Amados irmãos, amadas irmãs,
estamos vivendo o tempo comum, também chamado de tempo ordinário, agora sinalizado através da cor verde dos paramentos. De Dezembro até Maio, passamos por histórias incomuns ou extraordinárias:
· Advento: a preparação para a chegada do Messias Salvador;
· Natal: a encarnação de Deus entre os seres humanos em Jesus Cristo;
· Epifania: a revelação de quem é Jesus Cristo enquanto verdadeiramente Deus e verdadeiramente homem (cristologia);
· Quaresma: tempo de arrependimento e de preparação para a semana santa;
· Páscoa: a Ressurreição do Senhor;
· Ascensão: a subida do Senhor Jesus aos céus;
· Pentecostes: a descida do Espírito Santo que marcou o nascimento da Igreja Cristã;
Estes são eventos extraordinários onde há destaque para o inesperado, para a surpresa e para a alegria. É o próprio infinito entrando para dentro do finito. É o tempo de Deus entrando para dentro da nossa história. É o poder de Deus se manifestando na fraqueza e na humildade. De Dezembro até Maio, vivenciamos como Igreja os feitos extraordinários de Deus, desde a inesperada encarnação de Deus em Jesus até à loucura da morte do próprio Deus na Pessoa do Filho na cruz.
E então, após o Pentecostes, o Calendário Litúrgico nos leva para o tempo comum que é o tempo das coisas ordinárias. Agora, é o tempo de refletir sobre as coisas comuns e ordinárias da vida. O tempo comum nos leva a compreender que a fé não vive apenas de eventos extraordinários, mas que o Espírito Santo age mesmo nas coisas mais insignificantes da nossa vida. O tempo ordinário é o tempo em que a “vida real” acontece, com seus dilemas, problemas, desafios, dúvidas, crises, doenças, ameaças etc. O tempo comum é o momento de aplicarmos tudo o que aprendemos sobre Jesus de Dezembro até Maio.
Mesmo em meio às coisas ordinárias da vida, somos convidados/as a mantermos a chama da esperança acesa. Por isso, a cor do tempo comum é a cor verde. “O verde simboliza a renovação da vegetação e dos seres vivos em geral e a promessa de uma nova vida”[1]. Em meio aos problemas do dia a dia, a cor verde dos paramentos é uma rememoração da esperança que temos na encarnação, morte, ressurreição e ascensão de Jesus. E é o próprio Espírito Santo quem nos lembra e anima através da esperança.

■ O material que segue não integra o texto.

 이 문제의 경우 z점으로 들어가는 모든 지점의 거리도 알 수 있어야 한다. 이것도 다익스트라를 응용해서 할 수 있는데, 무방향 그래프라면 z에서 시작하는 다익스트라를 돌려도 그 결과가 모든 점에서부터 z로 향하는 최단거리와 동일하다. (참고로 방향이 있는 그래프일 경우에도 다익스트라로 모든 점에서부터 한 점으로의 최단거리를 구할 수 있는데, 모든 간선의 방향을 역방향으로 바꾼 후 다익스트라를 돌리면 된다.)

É no dia a dia que vivemos as coisas comuns da vida: os sofrimentos, os pesares, o luto, a dor, o desespero, a ansiedade, a depressão etc. Onde o Evangelho pode iluminar a nossa vida diante de tantos dilemas? Como o Evangelho de Jesus Cristo pode nos ajudar nas coisas mais comuns das nossas vidas? O que o Evangelho diz sobre Deus e a ordinariedade das nossas vidas?
O texto do Evangelho conforme Mateus que ouvimos é bastante esclarecedor. É uma fonte de água para saciar o deserto que há em nós; é um bálsamo para as nossas feridas mais doloridas; é um consolo para as nossas tristezas mais profundas. É o próprio Deus falando pessoalmente a nós seres humanos.
E assim, convido a olharmos para o texto bíblico a partir de três pontos:
1 A COMPAIXÃO DE JESUS
Sim. Na interpretação do texto bíblico, quero dar destaque a essa palavra: compaixão! Ela diz muito sobre o próprio Deus. E a palavra “compaixão” é profundamente marcante para o agir de Deus nos momentos mais ordinários e comuns das nossas vidas.
Jesus tem compaixão. A compaixão é a marca do ministério de Jesus. Percebemos isso logo no primeiro versículo do texto previsto para hoje: “Jesus percorria todas as cidades e aldeias, ensinando nas sinagogas, pregando o evangelho do Reino e curando todo tipo de doenças e enfermidades”. (Mateus 9.35). Olhemos com mais atenção para três verbos desse versículo a partir do grego original do Novo Testamento:
· διδάσκων: Ensinando. A compaixão de Jesus começa pelo ensino. O ensino é o início de tudo. Precisamos ser humildes para reconhecermos que não sabemos (e nunca saberemos) tudo sobre Deus. Jesus não nos ignora em nossa ignorância, mas tem compaixão de nós. Além disso, o ensino é tarefa essencial da Igreja Cristã: “Portanto, ide e fazei discípulos de todas as nações, batizando-os em nome do Pai, do Filho e do Espírito Santo, ensinando-os (διδάσκοντες) a guardar todas as coisas que tenho ordenado. E eis que estou com vocês todos os dias até o fim dos tempos.” (Mateus 28.19-20). A partir do Pentecostes, somos convidados a perseverar no ensino dos apóstolos sobre Jesus, como a Igreja Primitiva: “E perseveravam na doutrina (διδαχῇ) dos apóstolos”. (Atos 2.42).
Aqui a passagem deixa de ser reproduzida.